What a delightful blend of crime and romance! It was my first thought when I was halfway through reading “Adam’s Witness” by J.C. Paulson. To be honest, I don’t read true-to-genre crime novels, because there isn’t anything much in them except searching for the murderer. And I’m also not drawn to “strictly” romance novels. That being said, I do love reading about love and relationships, and without these themes, a story usually seems too bland to me.
The Canadian town of Saskatoon is shocked by an audacious murder. Although Saskatoon isn’t a small place, it is still far from being a metropolis. Murders don’t happen every day here. As if it wasn’t enough to make the public shudder, the victim is a bishop – respected and even loved by his parish.
Detective Sergeant Adam Davis is good at his job, and it doesn’t take him long to find the threads that would lead him to the culprit. He gets misled at first by the conflicting witnesses’ testimonies and some of them deliberately hiding the truth. Those things happen often, and they aren’t what unexpectedly threatened to sabotage Adam’s investigation. It’s feelings a key witness has evoked in him the moment he saw her on the crime scene.

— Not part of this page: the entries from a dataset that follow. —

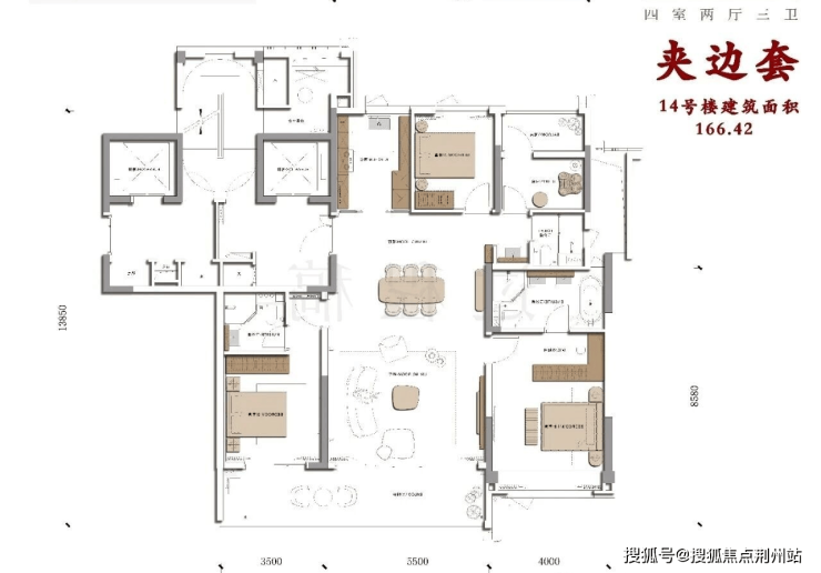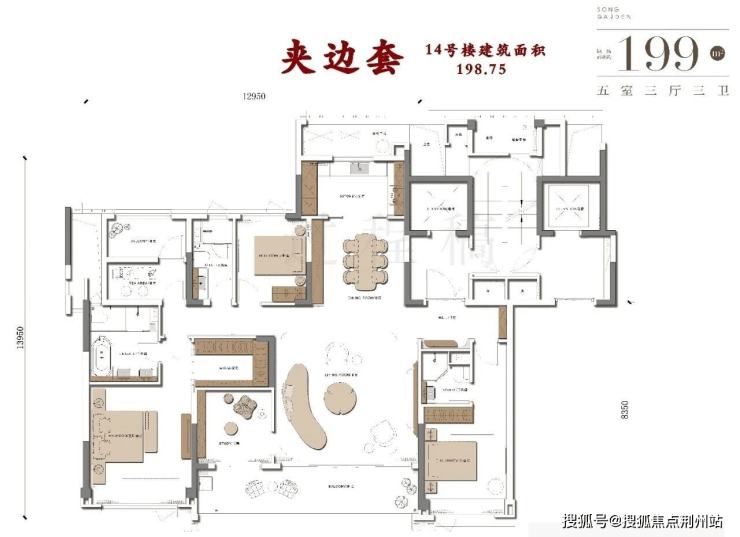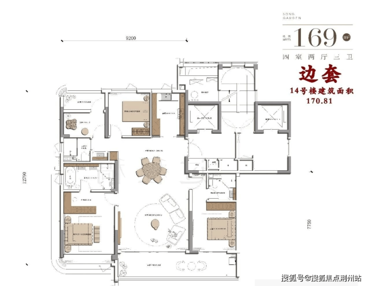 户型设计:高层得房率高达90%-93%,169㎡户型南向面宽13米,199㎡户型实现“五房两厅三卫”,空间利用率高。
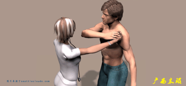 (12)Bear hug test: 也称为熊拥抱试验 ,患侧手掌搭在对侧肩上,手指伸直,手掌朝下。检查者抓住患者腕部抬高施加外旋力量,患者用内旋力量对抗。如果力量减弱,手不能维持在肩上,为抱熊试验阳性。提示肩胛下肌损伤。
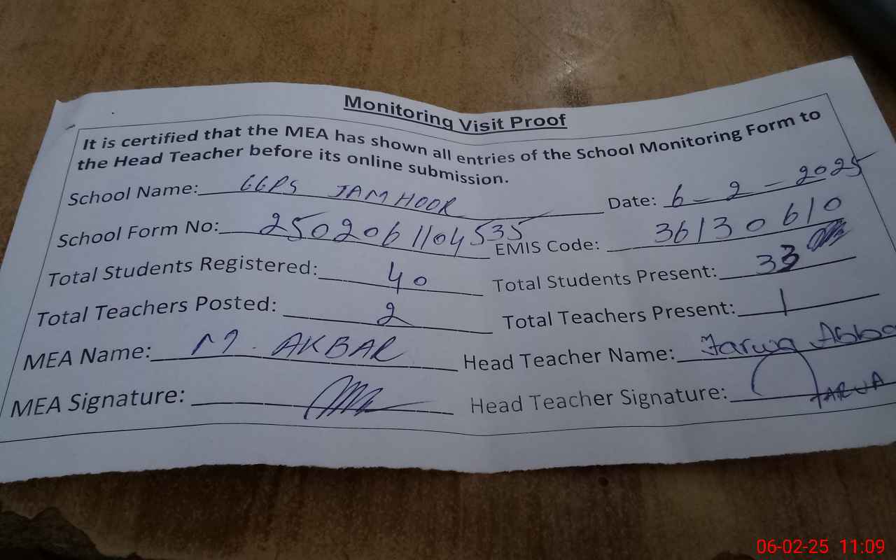 | EMIS Code: 36130610 | Name of School: GGPS JAMHOOR | |||
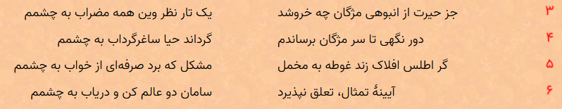 ترکیب های (1,2) و (2,3) و (3,4) رو بررسی کردم. چرا اینجوری شد؟ چون ترتیب بیت ها مهمه! شخمی شخمی که نمیشه انتخاب کرد 🙂 بازم جواب نداد. بعد اومدم ترکیب های سه تایی رو بررسی کردم. دیدم عهه بازم چیزی پیدا نشد. ظاهرا قرار نیست از این شعرا بخاری بلند بشه. دیگه گفتم سگ خور، ترکیب های چهار تایی رو بررسی میکنم که بالاخره پیدا شد! خوشحال نشید! فقط دو تا ترکیب چهار تایی پیدا شد. یکیش کار داداشم بیدل دهلوی بود، اون یکی هم کار صائب تبریزی!غزل شمارهٔ ۲۲۵۳ بیدل دهلوی :https://ganjoor.net/bidel/ghazalbi/sh2253

I loved the way the author portrayed Grace. She is strong and fragile at the same time. She isn’t that kind of grotesque image of an “independent woman” who is like a rock without a single weak bone in her soul and body. She is also smart and professional in her job. She is a reporter in the local newspaper, and that’s the reason why she happened to be the one who found the dead bishop.
The investigation was exciting to follow with false leads and seemingly obvious suspects. Similarly intriguing was the love story plotline, with both main characters gradually revealing the secrets from their pasts to the reader.
In the book, the author touches upon important topics of tolerance, acceptance, and some people’s inability to see their own mistakes as reasons for their failures. Such people never see that they need to change their own attitude and not the things they believe are wrong in the world.
I’m curious about what awaits Adam and Grace in their professional and personal lives, so I’ll definitely read the next books in the series.